Solibri社のモデルチェッカーの画面 |
発注者は業務の最終段階で設計者から提出された図面を検収しなければならない。従来の2次元CADデータでは、自動化できる部分がほとんどなく、設計内容のチェックは人の手によらざるを得ない。A1サイズで見ることを前提につくられているデータをコンピューターの小さい画面でチェックすることは並大抵のことではない。
それがBIMでは一変する。もともとBIMでは、ひとつの3次元モデルデータから2次元図面が出力されるので、図面間の整合エラーが起こりにくいのであるが、さらにモデルチェッカーを使用すると、建築要素と設備配管の干渉など設計担当者が異なるために多発する不具合も自動的に見つけ出してくれる。また、各種設計基準などへの整合をチェックすることも可能であり、GSAでは、フィンランドのSolibri社に依頼して、GSAの要求水準に即した設計がなされているかを検証するアドオンを開発している。室空間の属性データが米国規格協会の用途分類に適合しているかどうか、室面積が入居官署や機能ごとに適切に配分されているかどうかなどを自動的にチェックでき、その結果がわかりやすく可視化される。図面閲覧機能やチェック機能だけであれば、BIMを使った図面作成に慣れていない発注者でも簡単に操作できる。
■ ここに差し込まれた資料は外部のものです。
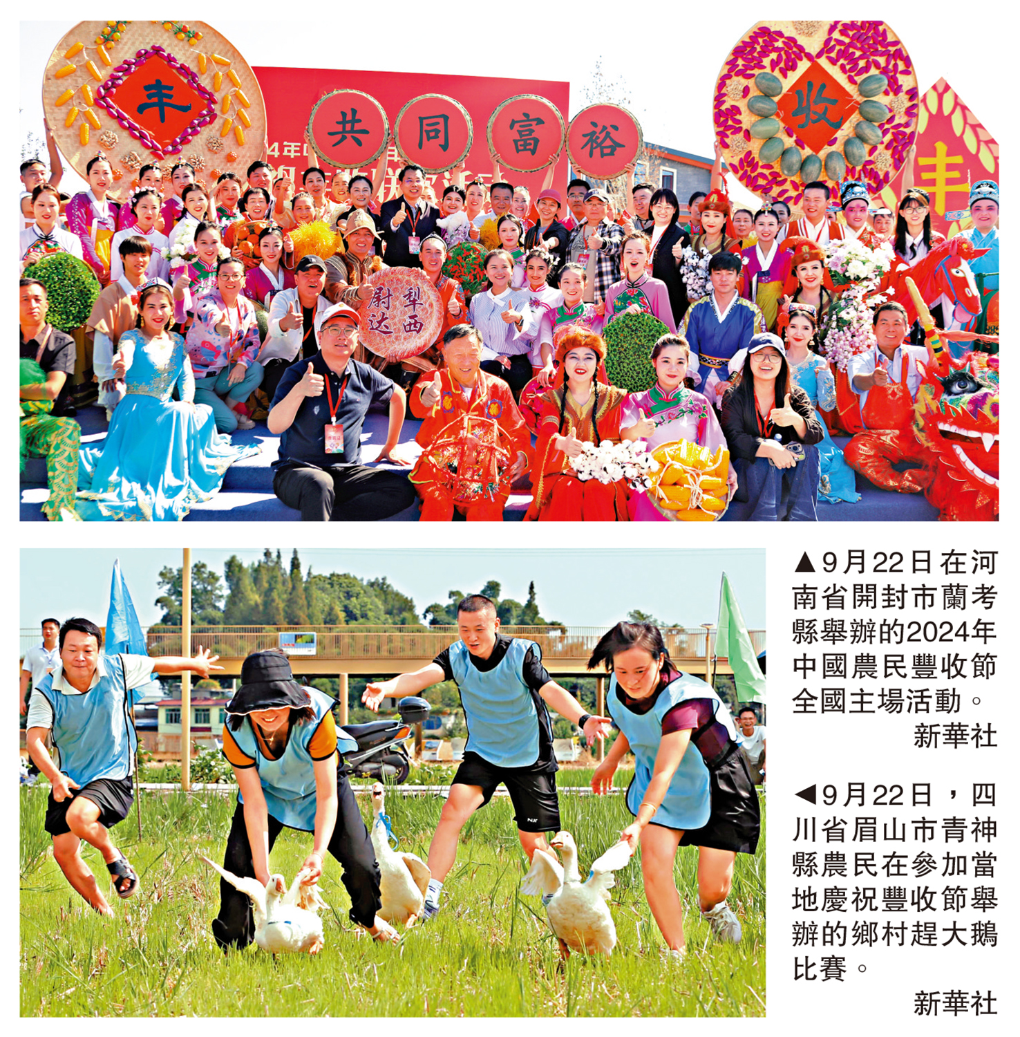 從2018年開始,內地將每年的秋分之日設為「中國農民豐收節」,今年9月22日迎來第七個「中國農民豐收節」。當日上午,「中國農民豐收節」主會場活動在河南省開封市蘭考縣舉行。活動由致敬豐收、致敬農民、致敬農耕3個板塊組成,每個板塊都精心設計了豐富多彩的活動內容。今年的豐收節主題是「學用『千萬工程』禮讚豐收中國」,各地舉辦了一系列特色活動。\央視新聞
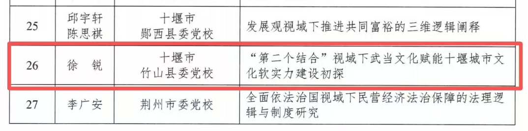 今日竹山网消息 近日,全省党校(行政学院)系统学习贯彻党的二十届四中全会精神理论研讨会优秀论文入选名单公布,县委党校3篇论文入选,分别是徐锐老师的《“第二个结合”视域下武当文化赋能十堰城市文化软实力建设初探》、覃祥渝老师的《“十五五”时期打造法治化营商环境的逻辑、原则与进路》、谢非老师的《“投资于人”理念下企事业单位高层次引进人才评价机制研究》,入选数量居全省县(市、区)委党校首位。
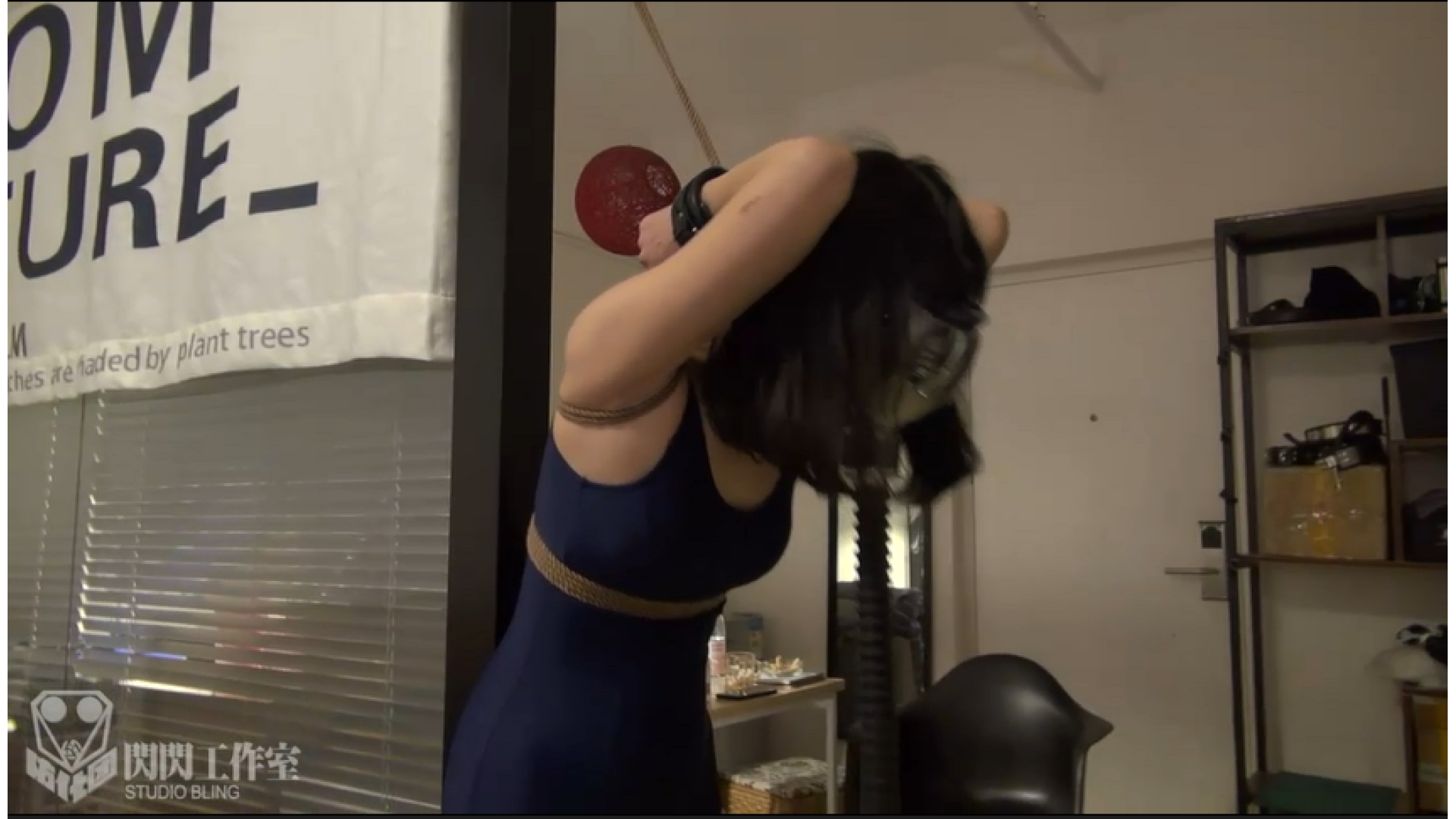 ミャオの体は縄の束縛の下でひねり、回っている。
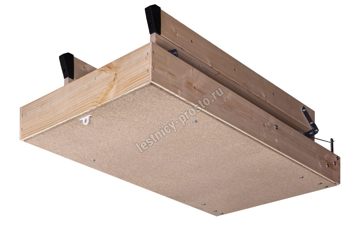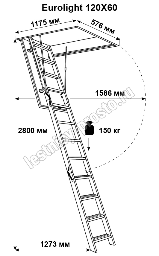 Лестница выдерживает нагрузку до 150 кг, при этом сама она легкая - ее просто складывать и раскладывать одним касанием руки. Несмотря на простоту, она оснащена поворотным замком, надежно фиксирующим люк в закрытом состоянии.
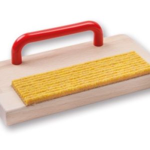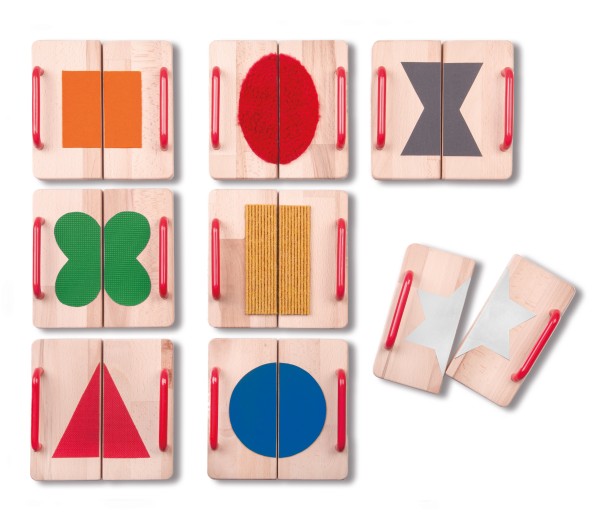 16 buko medienos elementų, 18 x 9 cm, pagaminti iš įvairių medžiagų (meškiuko audinio, veltinio, Tretford kilimo, porolono, veidrodinės folijos, švitrinio popieriaus, lipnių tvirtinimo detalių ir sportinio kilimėlio audinio), įvairių formų (apskritimo, elipsės, dobilo lapo, žvaigždės, trikampio, kvadrato, stačiakampio ir smėlio laikrodžio) ir spalvų, kiekvienas su raudona plastikine rankena, supakuoti tvirtoje dėžutėje. Skirta 3 metų ir vyresniems.

Solibri社は障がい者対応の寸法チェックができるアドオンも開発している。米国では、こうした判断に曖昧さの余地がないルールだけでなく、法令適合など人の判断が必要となるものについても、チェックできるプログラムを関係機関と協力して開発しているとのことであった。
スタンフォード大学では、BIMがプロジェクトで実際にどの程度、活用されたのかを総合的に評価する指標を開発しており、GSAも協力している。VDCスコアカードと呼ばれるこの評価システムは、計画、選択、技術、実行の4領域それぞれに重み付けをして採点し、結果はチャートでわかりやすく図示される。28例のプロジェクトの採点結果が同大学のホームページで公開されているが、選択と技術については相対的に点数が高く、計画と実行については点数が低い。米国にあっても、技術先行であり、計画立案や実際の運営についてはまだまだ改善の余地があるというところが見て取れる。
こうした第三者による客観的な評価が普及すれば、進んだ技術を持った会社は次の仕事を受注しやすくなるし、そうでない会社はさらに技術を磨こうと努力するようになるであろう。米国では、BIMを使用したというだけで評価されるのではなく、BIMを使用する会社の間でも、その技術力を差異化し、高め合う競争が始まっているのである。